INFORMATION SUPPLIED:
───

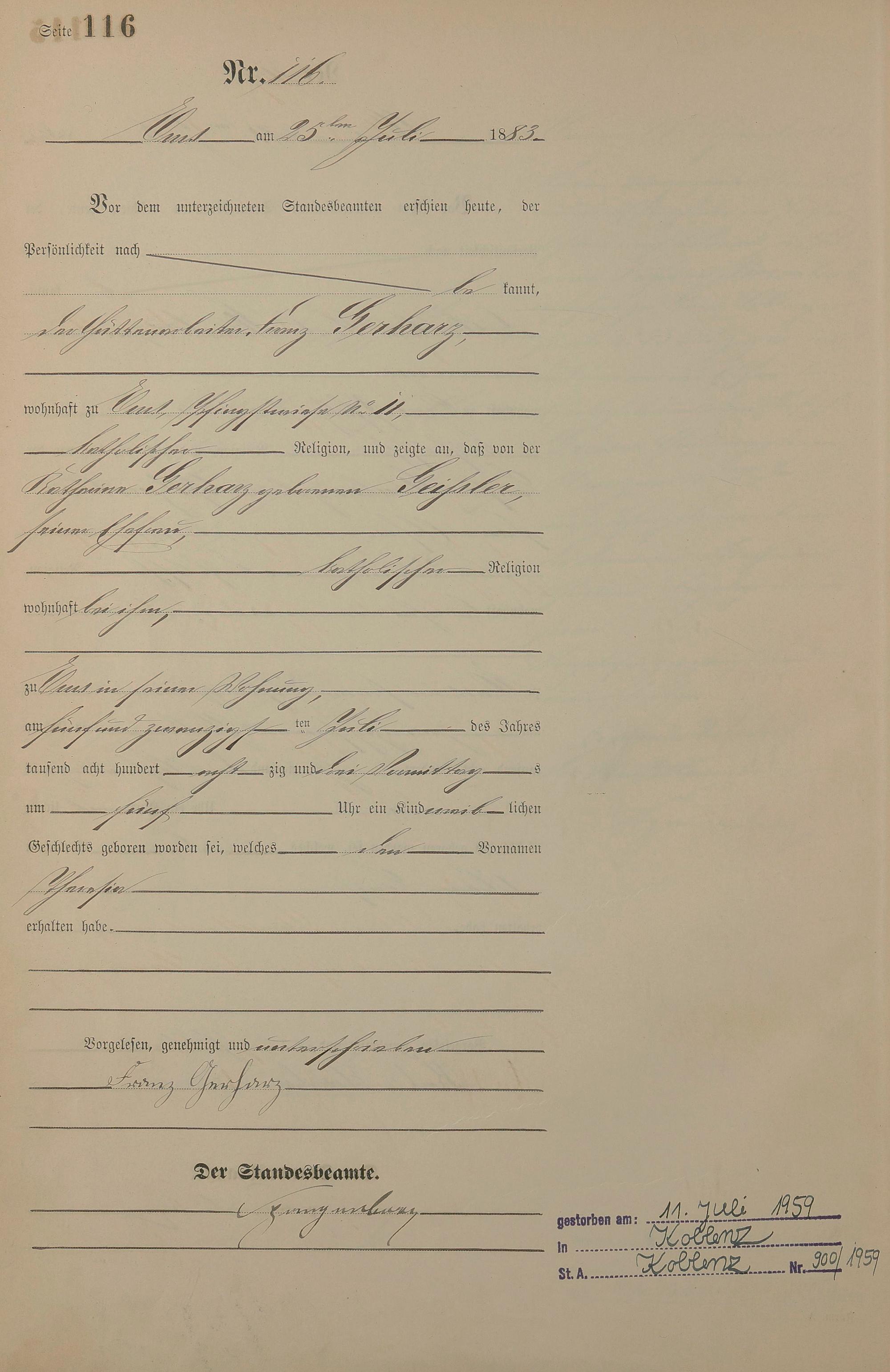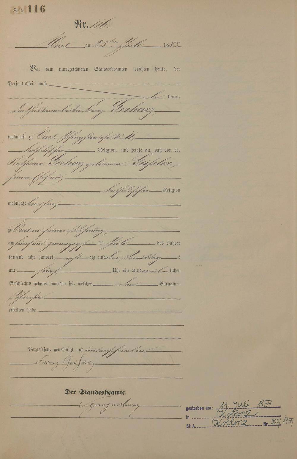 Geburtsregister 1883
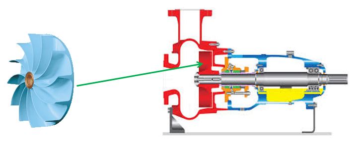下圖很好地展示了葉輪,旁邊的剖面圖說明了泵內(nèi)的葉輪位置
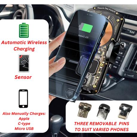 The Phone Smart Wireless Charger Auto Clamping Holder, designed to make your driving experience safer and more convenient. This smart holder combines a robust design with cutting-edge technology, it’s intelligent hand-free opereaion enhance s your safty when driving; It also has both wireless and wired charging capabilities. It’s perfect for anyone who needs to stay connected on the go!
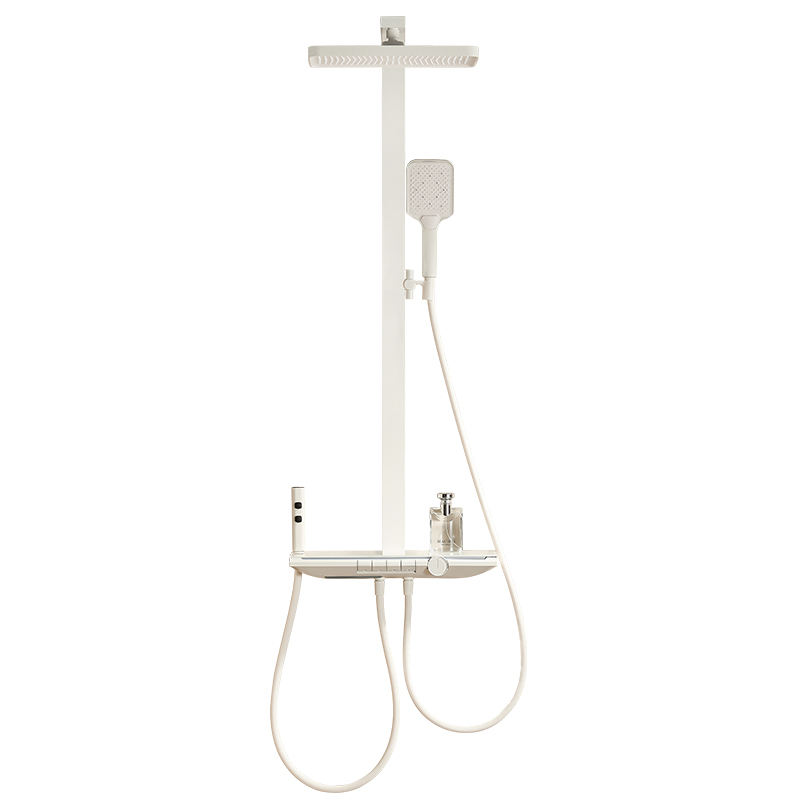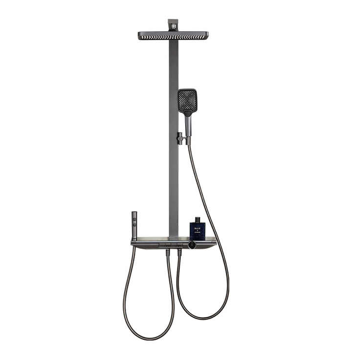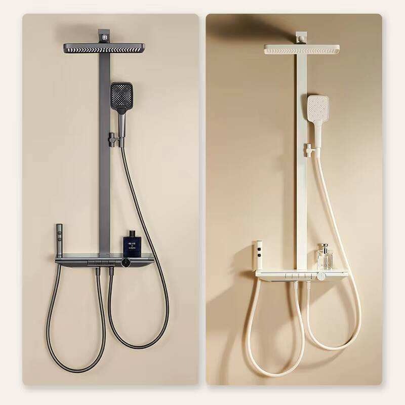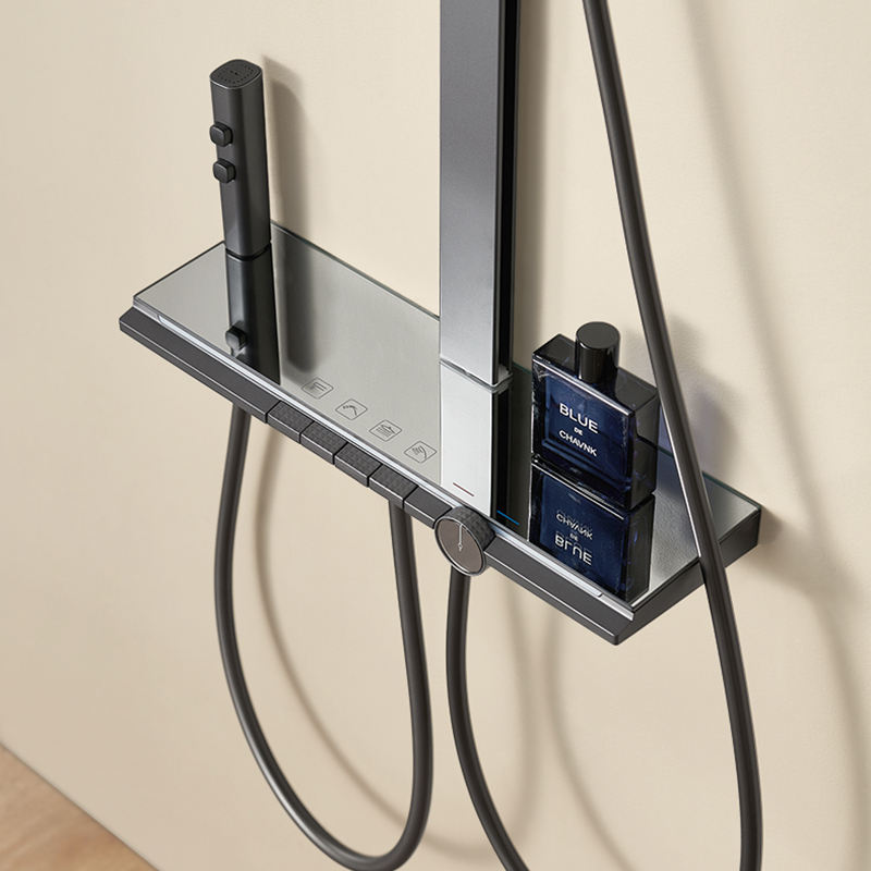 Sistema de ducha y grifería digital moderno de pared con columna mezcladora y estante de almacenamiento

───

WHAT TO PRODUCE:
Leave the images out and transcribe the remaining data above word for word.

ANSWER TO THIS EXERCISE:
 Geburtsregister 1883
下圖很好地展示了葉輪,旁邊的剖面圖說明了泵內(nèi)的葉輪位置
 The Phone Smart Wireless Charger Auto Clamping Holder, designed to make your driving experience safer and more convenient. This smart holder combines a robust design with cutting-edge technology, it’s intelligent hand-free opereaion enhance s your safty when driving; It also has both wireless and wired charging capabilities. It’s perfect for anyone who needs to stay connected on the go!
 Sistema de ducha y grifería digital moderno de pared con columna mezcladora y estante de almacenamiento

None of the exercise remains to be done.